Work required:
Please repeat exactly the lines below from the line with "Fiber-64Voice + 8E1" to the line with "سایز اسمی | 9 |", including both, and leave out every picture.

Given data:
※ ※ ※

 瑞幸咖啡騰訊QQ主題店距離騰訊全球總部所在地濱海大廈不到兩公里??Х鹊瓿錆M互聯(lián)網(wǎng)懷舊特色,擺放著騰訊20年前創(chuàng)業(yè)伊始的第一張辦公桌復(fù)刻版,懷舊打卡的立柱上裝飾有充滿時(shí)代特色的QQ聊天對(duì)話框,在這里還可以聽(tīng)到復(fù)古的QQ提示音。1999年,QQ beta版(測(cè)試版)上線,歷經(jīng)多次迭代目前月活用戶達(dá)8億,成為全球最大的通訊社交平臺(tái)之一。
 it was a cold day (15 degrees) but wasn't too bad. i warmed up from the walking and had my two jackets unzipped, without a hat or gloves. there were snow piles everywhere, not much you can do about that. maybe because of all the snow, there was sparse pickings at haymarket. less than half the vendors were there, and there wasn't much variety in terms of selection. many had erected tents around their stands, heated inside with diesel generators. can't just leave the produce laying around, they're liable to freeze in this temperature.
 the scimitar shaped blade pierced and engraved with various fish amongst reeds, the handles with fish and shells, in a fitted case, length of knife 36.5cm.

※ ※ ※

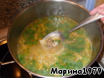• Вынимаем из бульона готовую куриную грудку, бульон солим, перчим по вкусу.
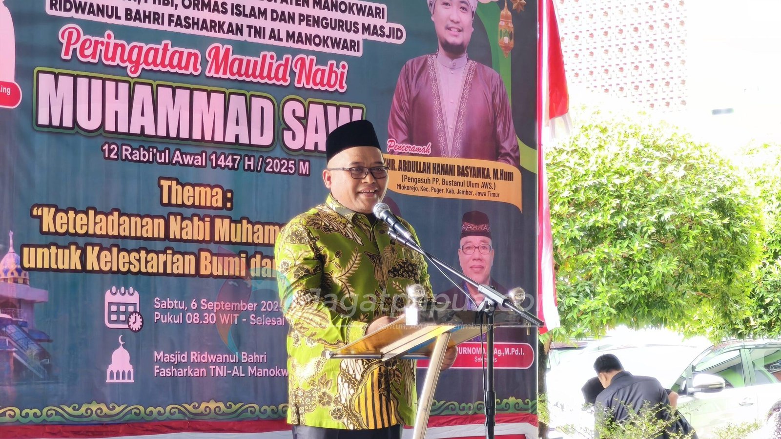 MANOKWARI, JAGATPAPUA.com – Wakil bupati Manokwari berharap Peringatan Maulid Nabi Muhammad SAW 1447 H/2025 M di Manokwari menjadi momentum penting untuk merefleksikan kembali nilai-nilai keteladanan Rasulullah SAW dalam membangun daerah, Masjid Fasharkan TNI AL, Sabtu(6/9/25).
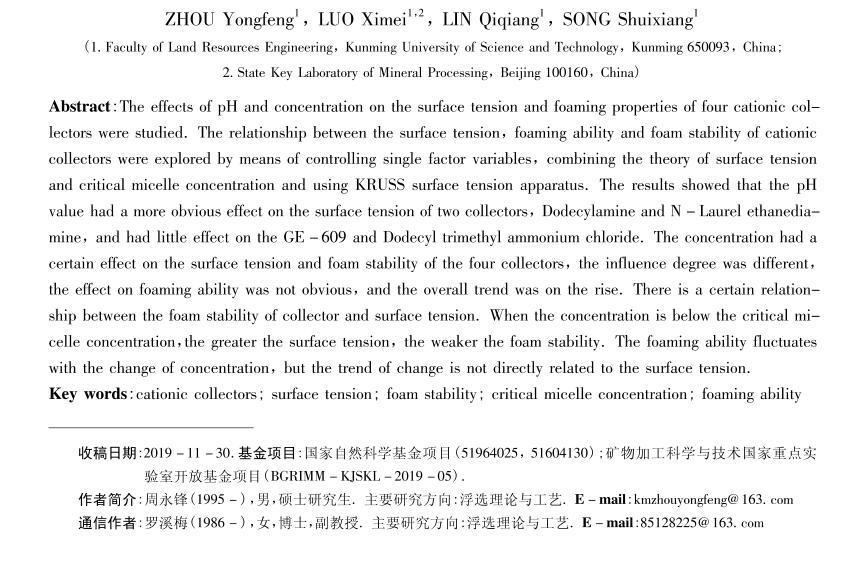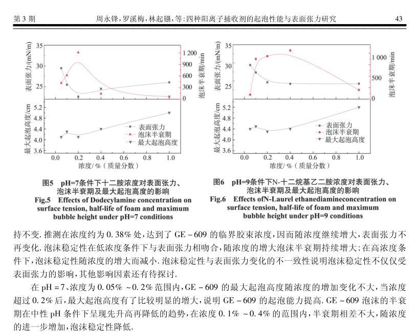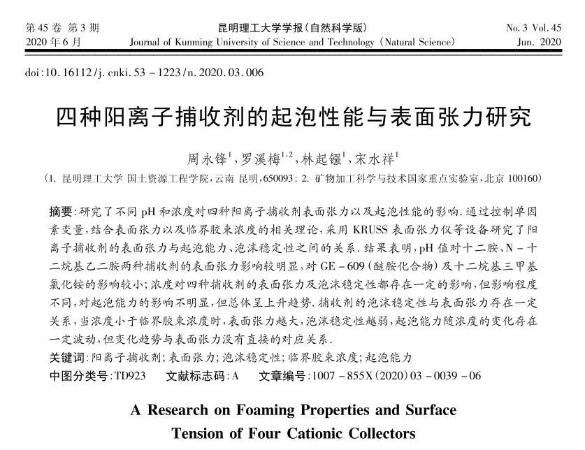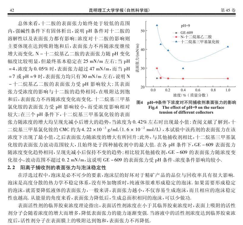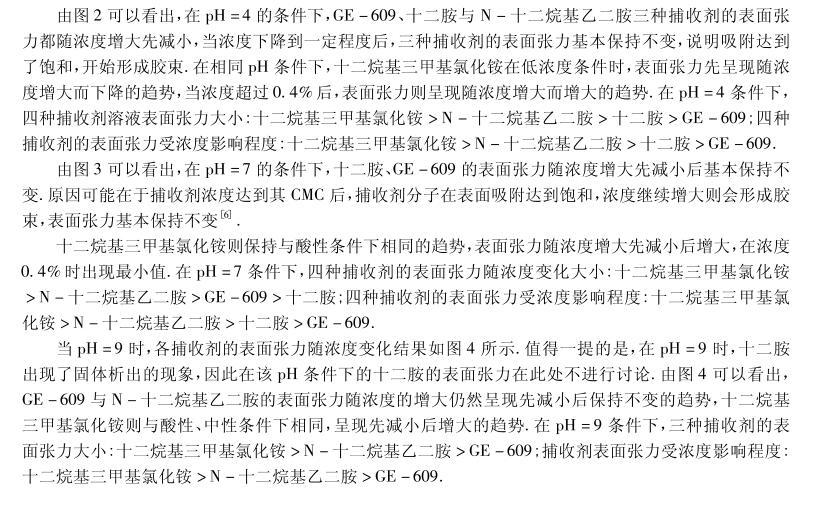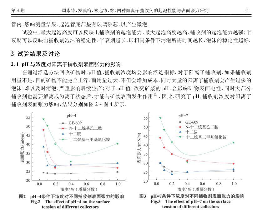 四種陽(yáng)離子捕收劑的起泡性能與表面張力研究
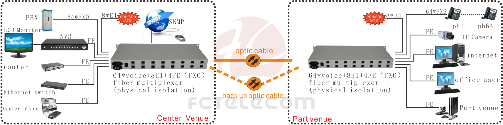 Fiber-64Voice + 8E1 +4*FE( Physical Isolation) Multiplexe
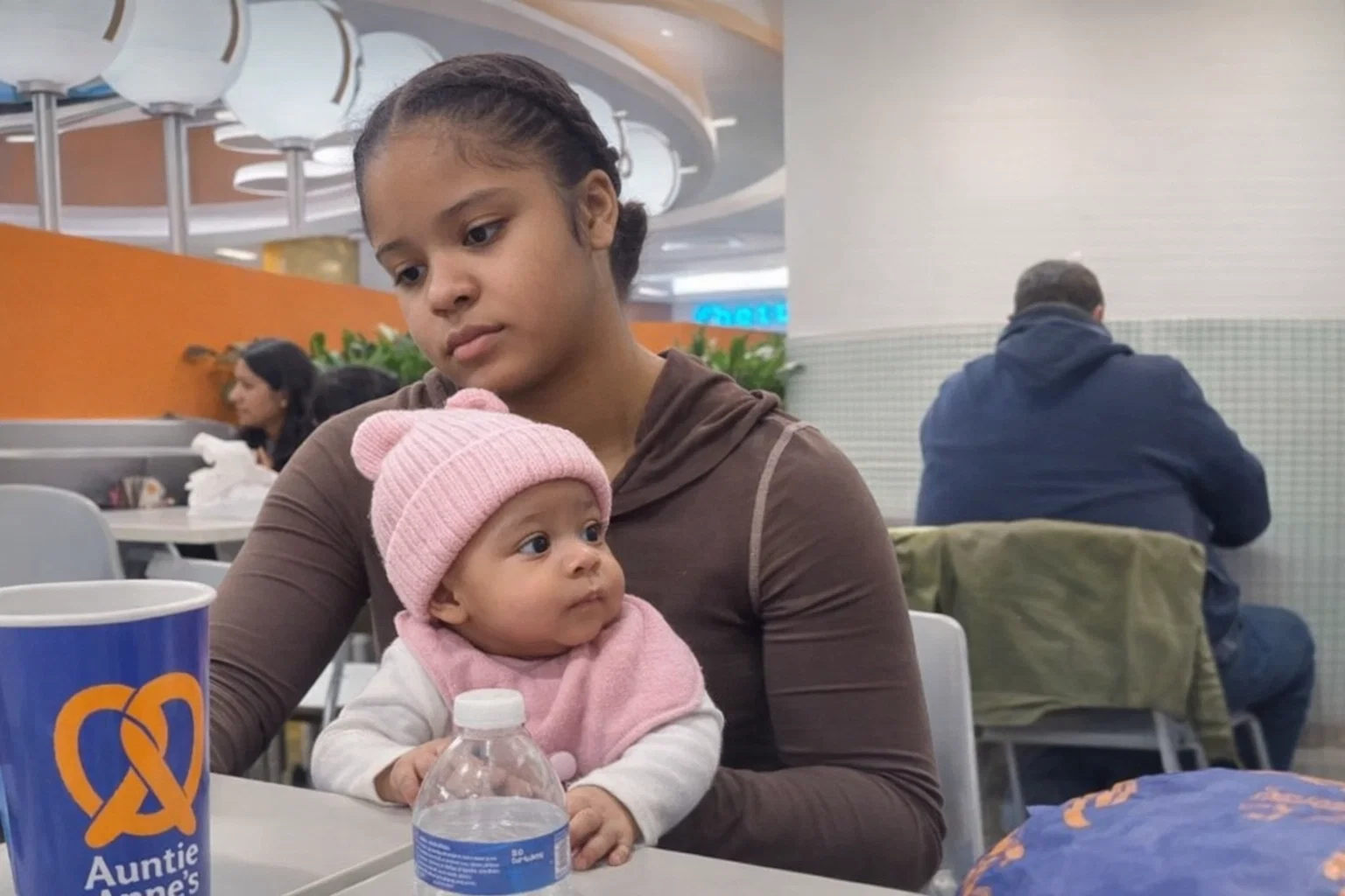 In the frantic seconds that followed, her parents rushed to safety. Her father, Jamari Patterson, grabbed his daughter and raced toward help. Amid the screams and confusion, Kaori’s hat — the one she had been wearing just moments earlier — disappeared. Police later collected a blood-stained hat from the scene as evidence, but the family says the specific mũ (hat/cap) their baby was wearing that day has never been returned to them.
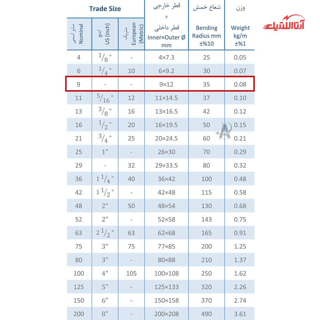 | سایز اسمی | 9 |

※ ※ ※

Exercise solution:
 Fiber-64Voice + 8E1 +4*FE( Physical Isolation) Multiplexe
 In the frantic seconds that followed, her parents rushed to safety. Her father, Jamari Patterson, grabbed his daughter and raced toward help. Amid the screams and confusion, Kaori’s hat — the one she had been wearing just moments earlier — disappeared. Police later collected a blood-stained hat from the scene as evidence, but the family says the specific mũ (hat/cap) their baby was wearing that day has never been returned to them.
 | سایز اسمی | 9 |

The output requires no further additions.